Among the steps recommended are to disseminate scientific evidence on the rise of chronic disease among Filipinos and promote the exchange of resources for effective strategies of prevention and management of lifestyle-related chronic diseases.
Rudy Asercion NaFFAA Pacific Region chair, said his group focuses on the youth to help reverse the trends. “We need to start the conversation regarding lifestyle changes, or our kids will have a shorter life span than us.”
Meanwhile, San Francisco City Supervisor Scott Wiener stressed that more young people from the San Francisco Unified School District have Type 2 Diabetes. “The culprit is sugar,” he said, “one 12 oz can of soda is much more than a candy.”
Asercion said NaFFAA will continue its education campaign in 13 other strategic locations in the US with large concentrations of Filipinos, such as Los Angeles, San Diego, New York and Washington DC.
Obesity among Filipinos is alarmingly prevalent. Obesity is defined by body mass (weight and height), Afable said. Using the Body Mass Index (BMI) as reference, she pointed to categories between 23-27.4 kg. as overweight, and 27.5 kg. as obese.
Afable said, “We need to balance our lives by modifying our lifestyle and managing conditions.”
This was echoed by Charito Sico, MD, medical director of the Center of Excellence in Culturally Competent Care for Filipino Health for Kaiser Permanente, who said, “The latest findings show one in five Americans that have diabetes is a Filipino. One in four has high cholesterol and one in four, high blood pressure.”
Sico reported that Kaiser has a seven-part program (translated in Tagalog) on Filipino health: Community Health and marketing; Heart Healthy Recipes; Health Education Classes; Capturing Race and Ethnicity data in KP Health Connect; Initiating end-of-life conversations; and Face-to-Face Training.
The hospital, for example, held a two-hour class for Filipino Americans in Daly City and South San Francisco (South City) to modify the traditional Filipino diet and teach how to control diabetes through medical management, self-monitoring of blood sugar levels, diet, exercise and managing stress and emotions.
Barriers to care
There are several barriers to diabetes care, said Sico: belief system barriers (fatalism and selflessness); language, limited culturally appropriate resources; westernized approaches to provider-patient dynamics.
Some Filipinos may be working too hard to send money home, or there may not be Tagalog translators available. And a “westernized individualistic approach doesn’t work. We have to include the family where decisions in health care are made as a family,” she said.

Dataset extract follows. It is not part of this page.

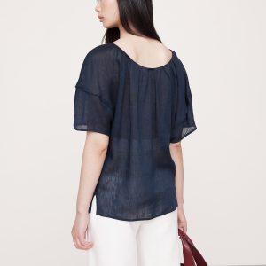 Linen-Viscose Puff-Sleeve Top
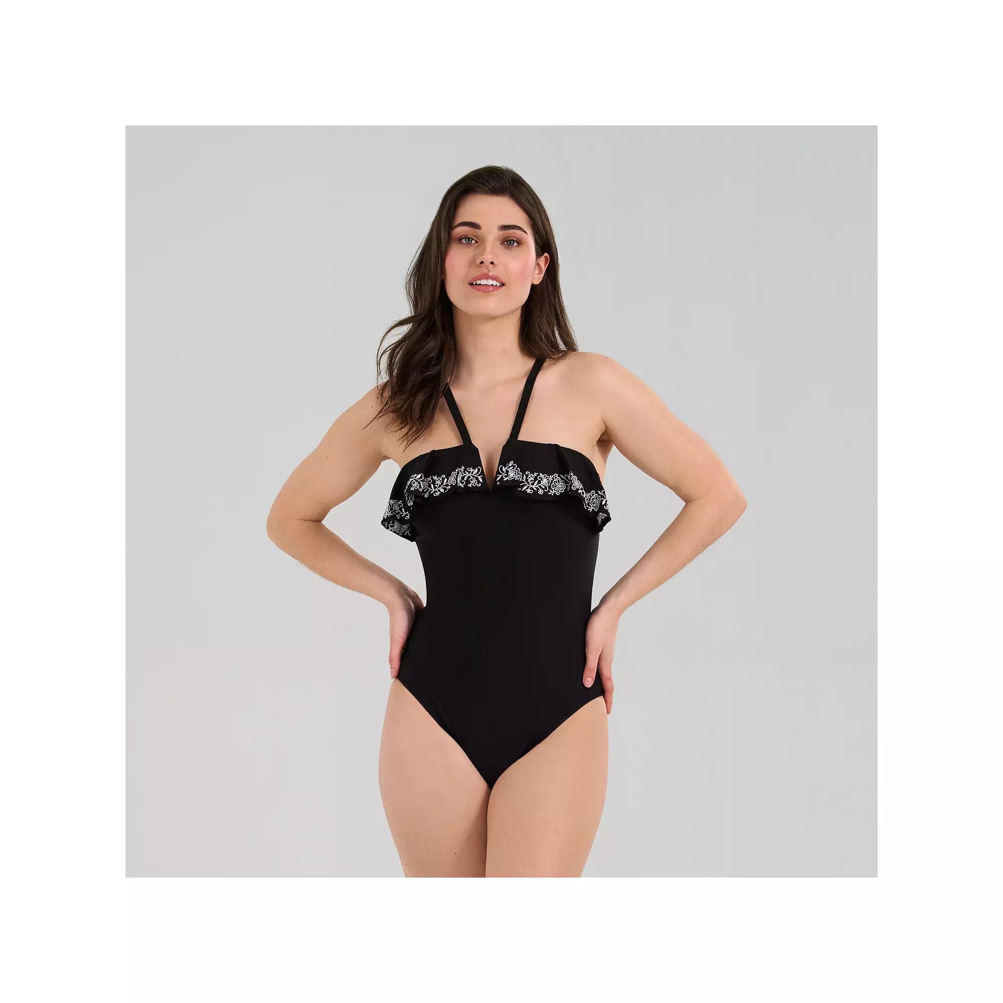 Dive into summer style with Freshwater's chic one-piece, featuring a playful ruffle design and elegant embroidery. Made with a soft lining, this swimsuit combines fashion and practicality for your perfect poolside look. Click on this WOMEN'S GUIDE to find the perfect fit and more! - https://www.kohls.com/feature/womens-fit-guide.jsp. FEATURES: Removable cups, Moderate coverage, Sleeveless, Fully lined, Wireless. FABRIC & CARE: Body: nylon, spandex, Lining: recycled nylon, spandex, Machine wash delicate and line dry, Imported. Size: Medium. Color: Black Embroidery. Gender: female. Age Group: adult. Material: POLY BLEND.

Julieta Gabiola, MD, FACP clinical associate professor of medicine educators at Stanford University, noted that while it seems difficult for some Filipinos to stop smoking, control obesity and take up exercise, these are the best ways to prevent hypertension and diabetes.
“Eating is important, but cut back on fat and salt,” she said. “In the Philippines, they pack it up with noodles and rice and not much meat–the food for three meals a day is boiled rice.”

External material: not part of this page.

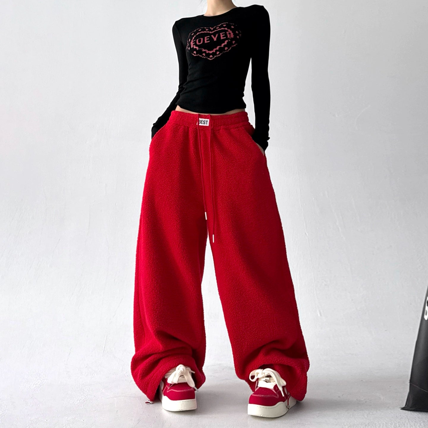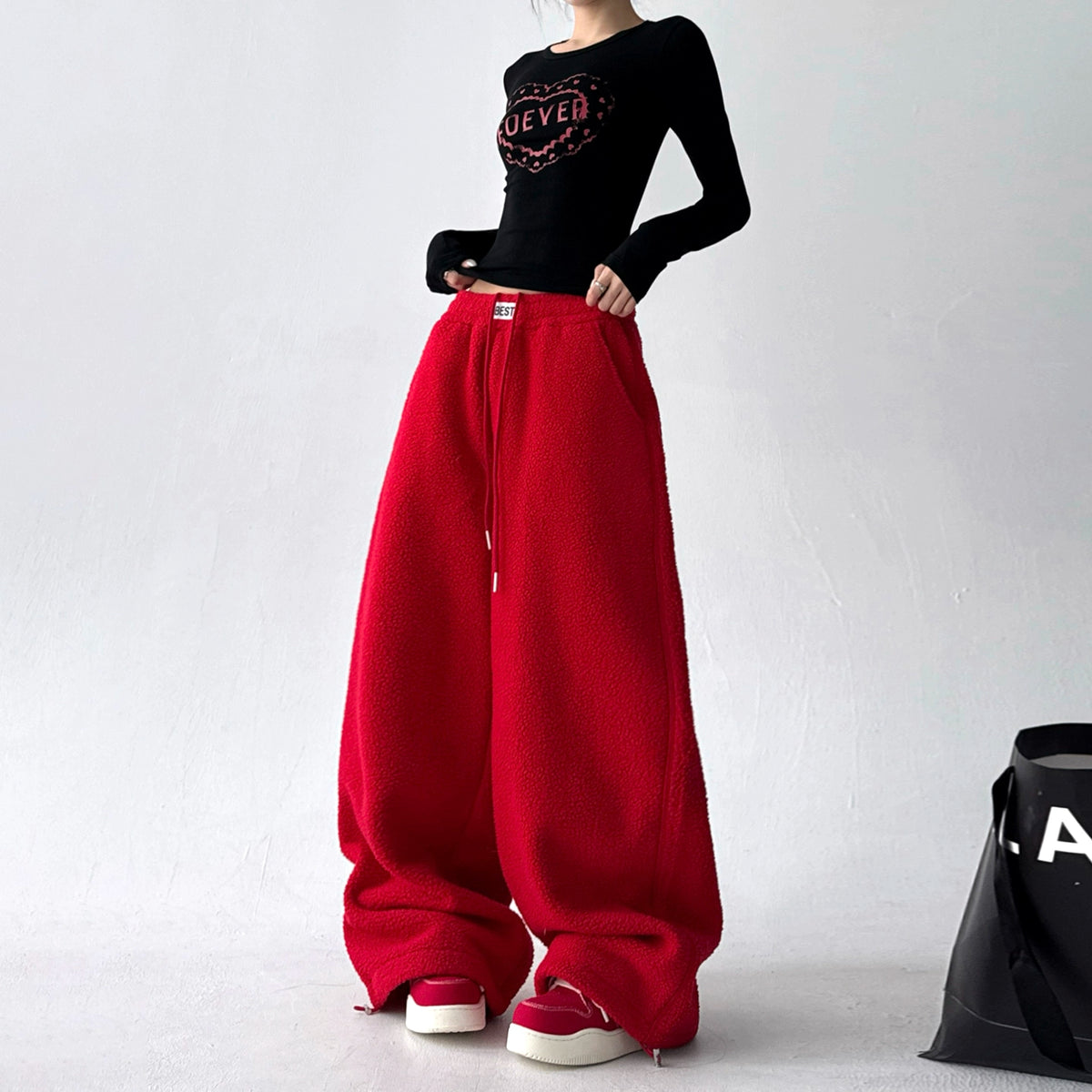 Polar Fleece Wide Leg Cuffed Pants

The American Heart Association and the American Diabetes Association recommend 150 minutes of exercise per week, or 30 minutes of brisk walking daily. Samples of physical activity include dancing and even walking while on phone.
Another speaker, Rhodora Ursua, MPH, Asian Pacific partners for Empowerment, Advocacy and Leadership (APPEAL), said her group’s culturally tailored outreach to Filipinos encourages a social approach to preventing diabetes. She encouraged Filipinos to promote preventive practices together as social circles, in neighborhoods or workplaces.

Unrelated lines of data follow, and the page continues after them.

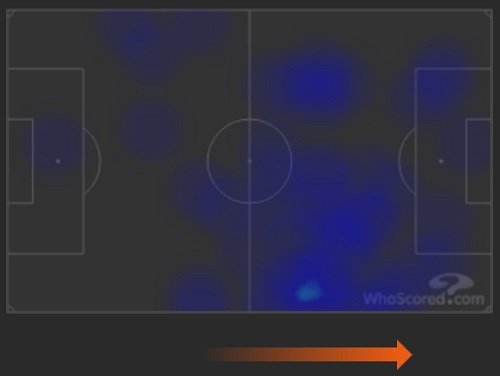 Тепловая карта перемещений Артема Дзюбы, данные Whoscored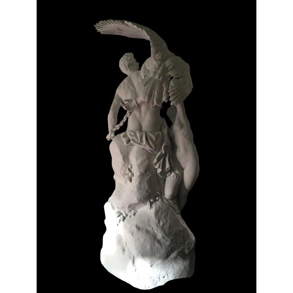 Attributed to Eduard Muller ( German 1828-1895 ) ceramic sculpture, "Prometheus Bound and the Oceanids." The original sculpture by Muller was carved from a single block of marble, his masterpiecebetween 1872- 1879, on display in The National Gallery, Berlin. Provenance - had been the focal display for a 19thc jewelry store in Paris. From the South Carolina estate of Robert & Robin White,Rose Hill Plantation.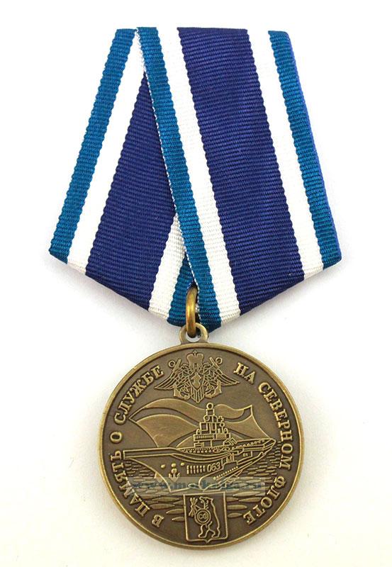 На лицевой стороне по центру изображение военного корабля на фоне Андреевского флага. Верхнюю часть занимает эмблема ВМФ. Надпись по кругу «В память о службе на Северном флоте». Снизу герб Северного флота. На оборотной стороне выбито «Честь, Отечество, отвага». Ниже якорь, обвитый канатом и лавровый венок.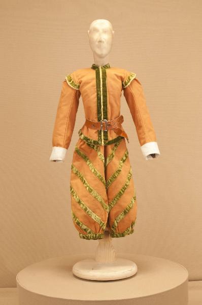 Costume per militare di foggia seicentesca composto da calzoni, giacca e cintura con portaspada.

A representative from Roche Diagnostics Corp. Diabtes Care, Anne Stokman, RN, MSN, said, “We’re diagnosing too late. “Test your blood sugar,” she urged, “anything beyond 100 is pre-diabetic and preventable, while over 126 is diabetic.”
Lydee Hershey, RN and president-elect of the Philippine Nurses Association of Northern Californica, reiterated the need for a healthier lifestyle for Filipinos. “I encourage you to exercise and diet, cut soda consumption and clean up your pantry.”